[Dataset items]
______

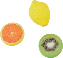 Krāsaini plastmasas augļi – citrons, kivī un apelsīns – rosina fantāziju un dažādus kulinārus scenārijus.
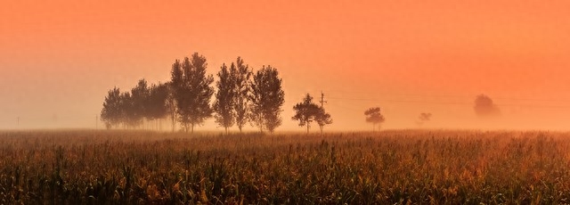 华北平原的玉米地连成一片,无边无际,天地连成一线。
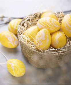 Si quieres aprender a crear efectos marmoleados en los huevos, este kit de Pascua es perfecto para ti. Contiene todo lo que necesitas para empezar con buen pie. Utiliza pinturas marmoladas líquidas y moja los huevos en un baño de agua. El resultado son los huevos marmolados más finos, que puedes usar como decoración en primavera.
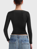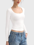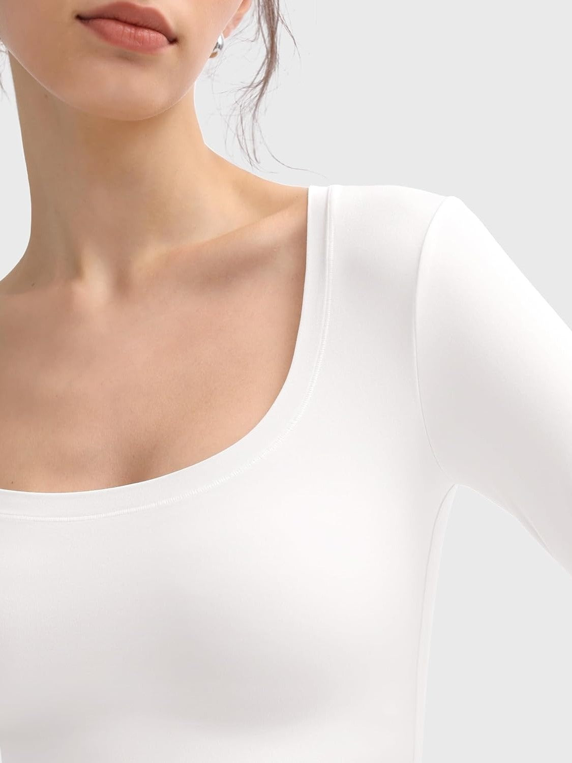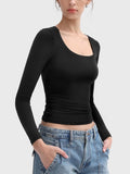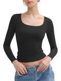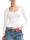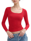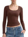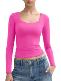 Women's Scoop Neck Slim Fit Long Sleeve Tops Double Lined Basic Tee
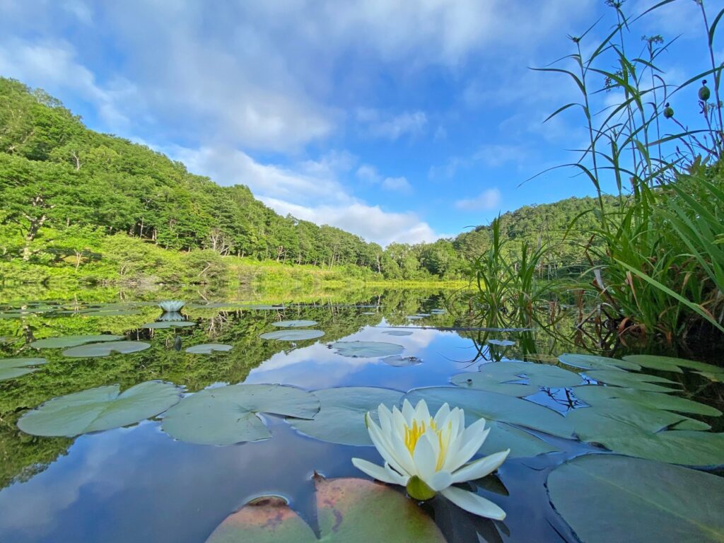 The Sunshine Trail, which takes you around the area of Shiga Kogen’s Hasuike Pond, Biwa Pond, and Ichinuma, has been certified as a “Forest Therapy Course” with proven healing effects, and the entire forest is filled with a pleasant breeze. Various alpine plants are in full bloom, providing soothing scenery for the eyes.
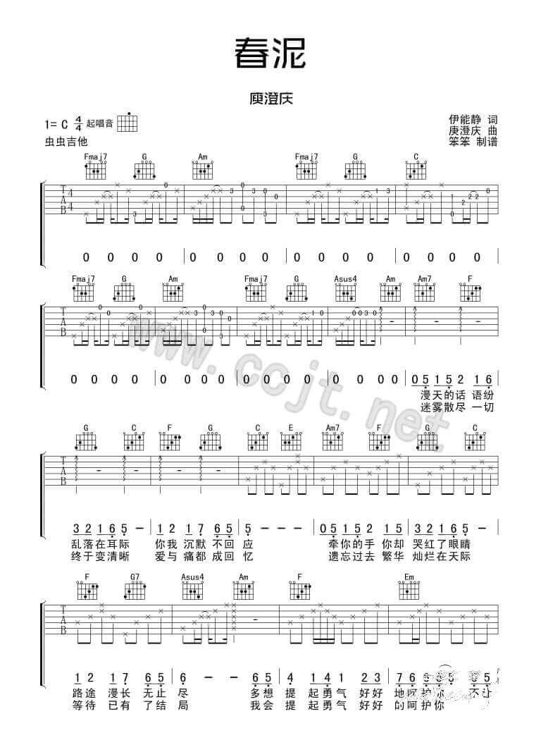 当前位置:琴谱网>吉他弹唱>春泥
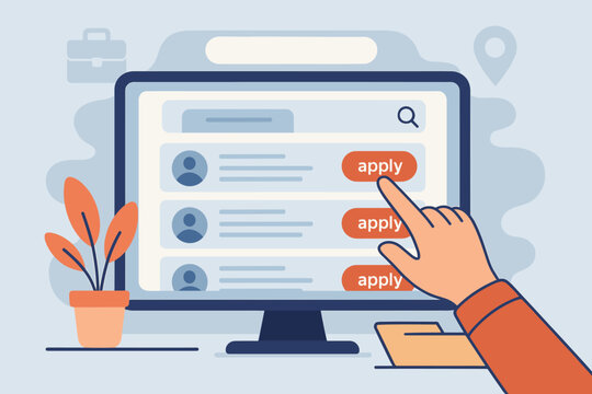 Job search online concept. Hand of a candidate clicks the apply button on a computer screen. Recruitment website with job vacancies list. Human resources, career, employment.
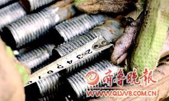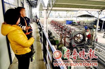在叮叮当当的钢筋碰撞声中,在轰轰隆隆的机器轰鸣声中,王小龙和工友将一根根60多斤的钢筋抬上一米多高的滚丝机工作台,逐根给钢筋两头滚丝。
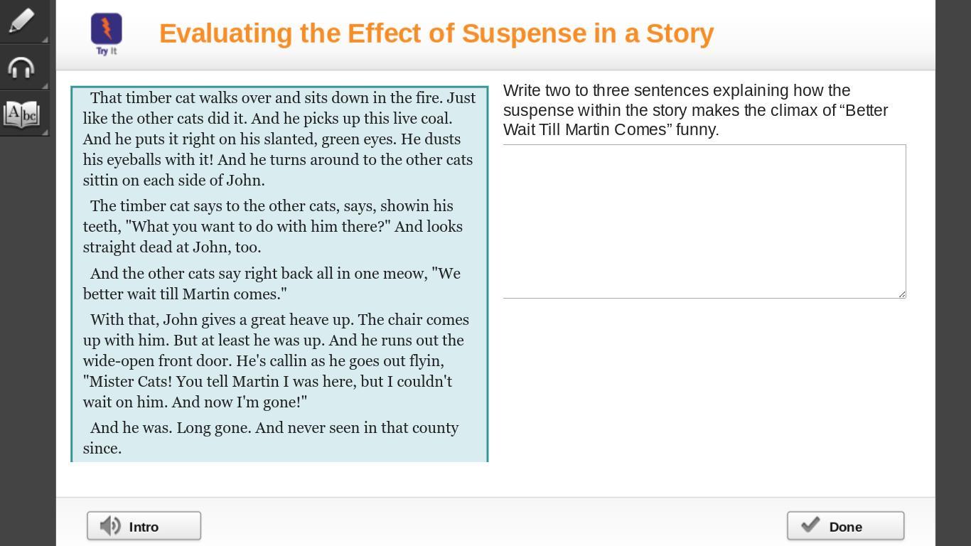 Answer: The suspense in the story grows when Martin falls through the seat of the chair and becomes stuck. The reader fears for John since each new cat is bigger than the one before, and the reader is concerned that John won't be able to escape once Martin gets there. The situation seems more and more incorrigible for John, so it is hilarious when John breaks the suspense by making a funny comment and running away with a chair stuck to his rear.

______

- _Work task_:
Look above for the line with "Women's Scoop Neck" and the line with "在叮叮当当的钢筋碰撞声中,在". Give again exactly those two lines and all lines between them, pictures excluded.

- _Solution to this exercise_:
 Women's Scoop Neck Slim Fit Long Sleeve Tops Double Lined Basic Tee
 The Sunshine Trail, which takes you around the area of Shiga Kogen’s Hasuike Pond, Biwa Pond, and Ichinuma, has been certified as a “Forest Therapy Course” with proven healing effects, and the entire forest is filled with a pleasant breeze. Various alpine plants are in full bloom, providing soothing scenery for the eyes.
 当前位置:琴谱网>吉他弹唱>春泥
 Job search online concept. Hand of a candidate clicks the apply button on a computer screen. Recruitment website with job vacancies list. Human resources, career, employment.
在叮叮当当的钢筋碰撞声中,在轰轰隆隆的机器轰鸣声中,王小龙和工友将一根根60多斤的钢筋抬上一米多高的滚丝机工作台,逐根给钢筋两头滚丝。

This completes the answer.